Our functional characterizations concerning cytokine secretion and cytotoxic capacity toward melanoma cell lines showed that receptor-transfer via mRNA electroporation has conferred an additional specificity for melanoma antigens on γ/δ T cells. Hence, these cells can attack melanoma cells in a variety of ways: i) The α/β TCR allows for a MHC-dependent targeting of intracellularly localized tumor antigens, such as gp100, which constitute the majority of tumor antigens [19, 70]. In general, α/β TCRs can mediate a destabilization of the tumor micro-environment by killing tumor-associated myeloid-derived stromal cells, which cross-present phagocytosed tumor antigens [71, 72]. ii) The CAR targets surface antigens, e.g. MCSP, in an MHC-independent manner . Apart from being expressed on tumor cells, MCSP is also present on the surface of activated pericytes involved in tumor neo-angiogenesis [53, 54].This enables a direct targeting of tumor cells coupled with an indirect targeting via the destruction of tumor-associated vasculature. iii) As described above, the endogenous receptor repertoire of γ/δ T cells [29, 31], recognizes tumors in an MHC-independent fashion [27, 28] and may become more and more active as the tumor cells and their micro-environment is pressurized by the transfected receptors, potentially supported by a radio-chemotherapy prior to the adoptive cell transfer . MHC-independent targeting is also beneficial in case of MHC-downregulation or antigen-loss, which represent major strategies of immune evasion [64, 74]. iv) MHC-downregulation is further addressed by the γ/δ T-cell-inherent capacity to eliminate MHC-deficient cells, such as Daudi cells . In sum, γ/δ T cells can mount a tumor-specific attack via introduced and endogenous receptors and sustain this attack even after the tumor has lost its antigen or shut down antigen presentation.

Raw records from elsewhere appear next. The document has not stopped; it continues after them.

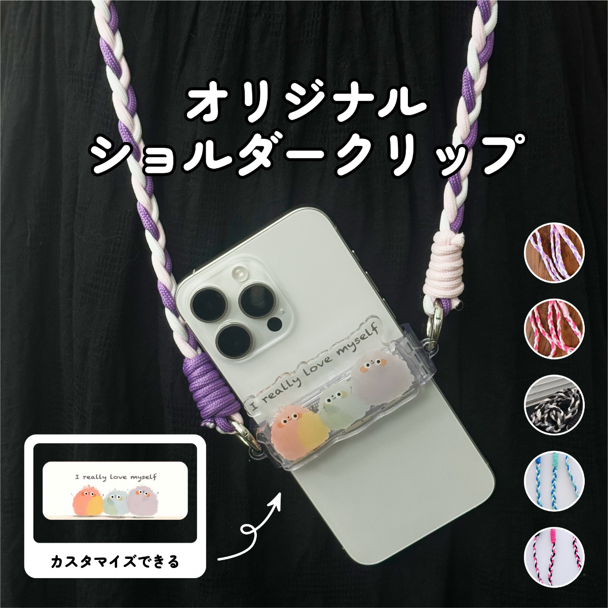 WOWオリジナルオリジナルショルダークリップ|ストラップ・横向きの画像入れお勧め・7.5x4cm印刷範囲・着脱簡単・おしゃれ・アクリル・スマホケース・落下防止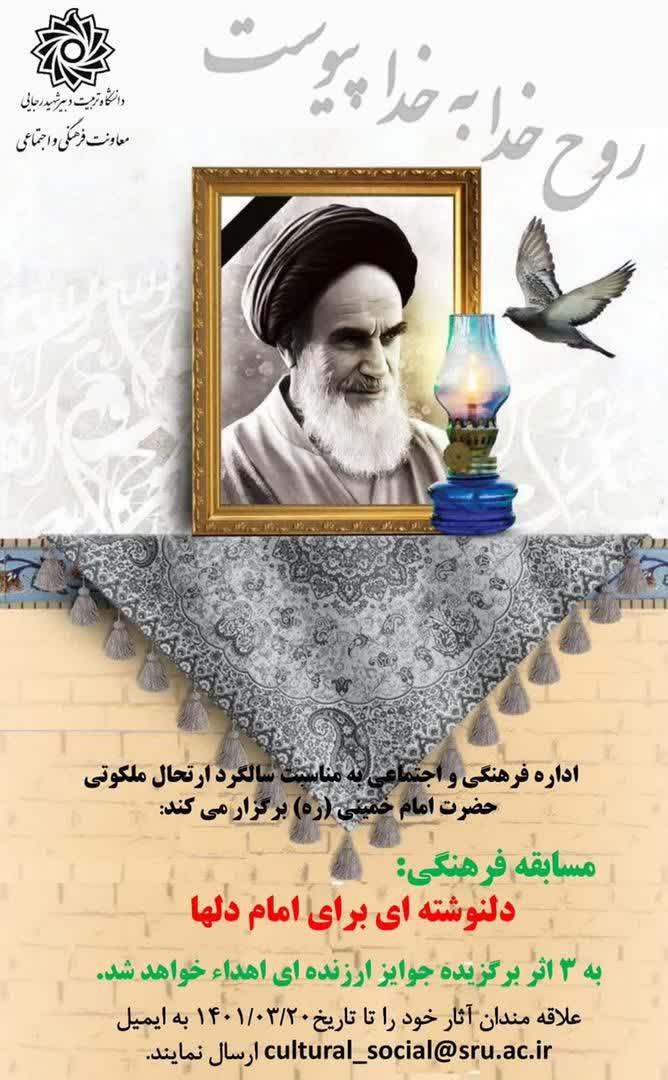 معاونت فرهنگی و اجتماعی دانشگاه ضمن عرض تسلیت به مناسبت سالگرد ارتحال بنیانگذار کبیر جمهوری اسلامی ایران، حضرت امام خمینی (ره)، برگزار می کند؛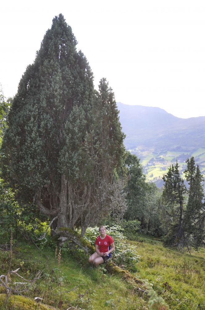 Hald fram vidare ut lia. Like etter setra, kryssar du ein bekk og held fram i lett kupert terreng. Legg merke til dei flotte søyle einerane du passerer. Desse er særmerkte for dette området og var ein viktig ressurs i tidlegare tider då folk laga gjerdestaurar av eine.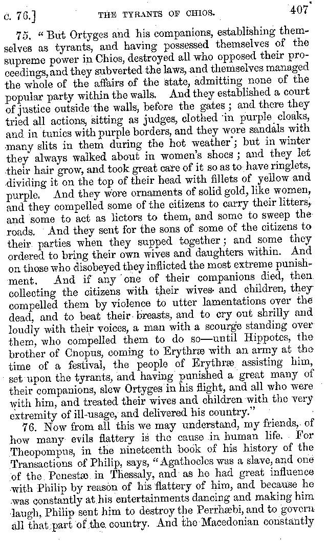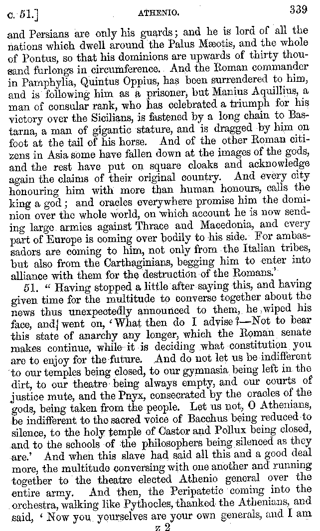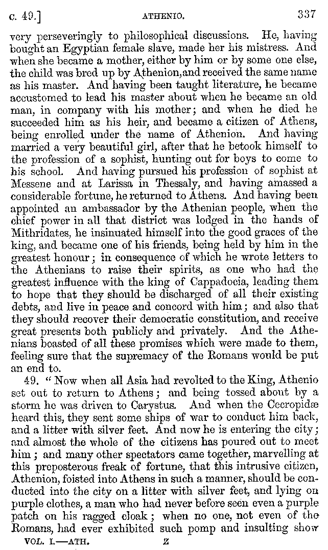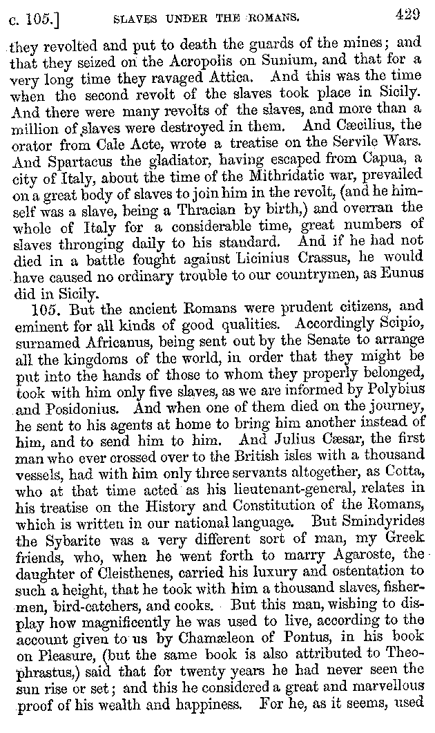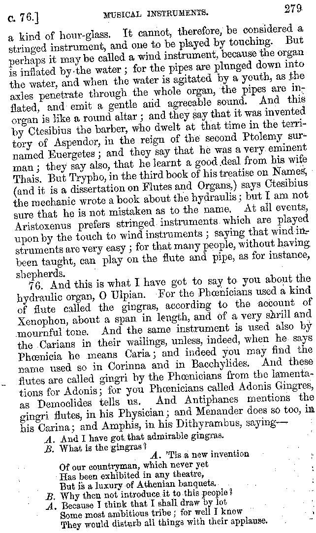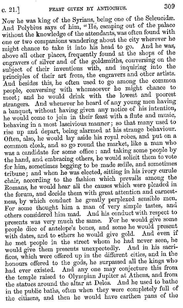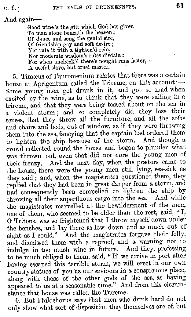 | Banquets—Baths—Banquets—The Banquets described by Homer—Banquets—The Palaces of Homer's Kings—Conversation at Banquets—Customs in Homer's Time—Attitudes of Guests—Feast given by Antiochus—Extravagance of Antiochus—Ptolemy Philadelphus—Procession of Ptolemy Philadelphus—A large Ship built by Ptolemy—The Ship of Ptolemy Philopator—Hiero's Ship—Banquet given by Alexander—Athenio—The Valour of Socrates—Plato's account of Socrates—Socrates—The Gorgons | 287-352 |

By using zoledronic acid (ZA) instead of anti-CD3 antibody in conjunction with a GMP-compliant expansion protocol, originally designed for conventional T cells , the selective expansion of γ/δ T cells to clinically applicable numbers was achieved. In theory, these receptor-transfected γ/δ T cells could also be obtained from a healthy donor and infused into an HLA-mismatched patient (in an immunosuppressed setting), since γ/δ T cells are not allo-reactive [27, 28, 42]. After 10–11 days of expansion, a moderate percentage of propagated cells remained CD3+/γδ−. In contrast to the predominating γ/δ T cells, these contaminating T cells might lead to graft-vs-host disease  in such an allogenic setting. Therefore, further adjustments are required to minimize the percentage of γ/δ− cells, to employ this therapy not only in autologous settings but also in allogenic settings. Possible options involve extending the expansion course  and administering repeated doses of ZA. Contrary to previous work on ZA-expanded γ/δ T cells [59, 76], we additionally performed functional testing after depleting the γ/δ− cells post expansion via MACS-untouched isolation to validate that the functional activity originates from γ/δ T cells. We detected a considerable reduction in cytokine production and cytolytic capacity. This would imply that a part of secreted cytokines and displayed cytotoxicity is exerted by the remaining γ/δ− cells. This, however, collides with the fact that the lytic capacity of purified MACS CD8+ T cells and OKT3-stimulated PBMC is similar to ZA-expanded γ/δ T cells. Thus, we think that the depletion procedure per se impaired the functionality of the receptor transfected cells by interfering with cell physiology. In addition, the use of antibody-coated magnetic beads and their alike is difficult to perform under GMP compliance. Therefore, the future focus should be on rendering depletion unnecessary by refining the process of ZA-expansion to reduce the percentage of contaminating conventional T cells.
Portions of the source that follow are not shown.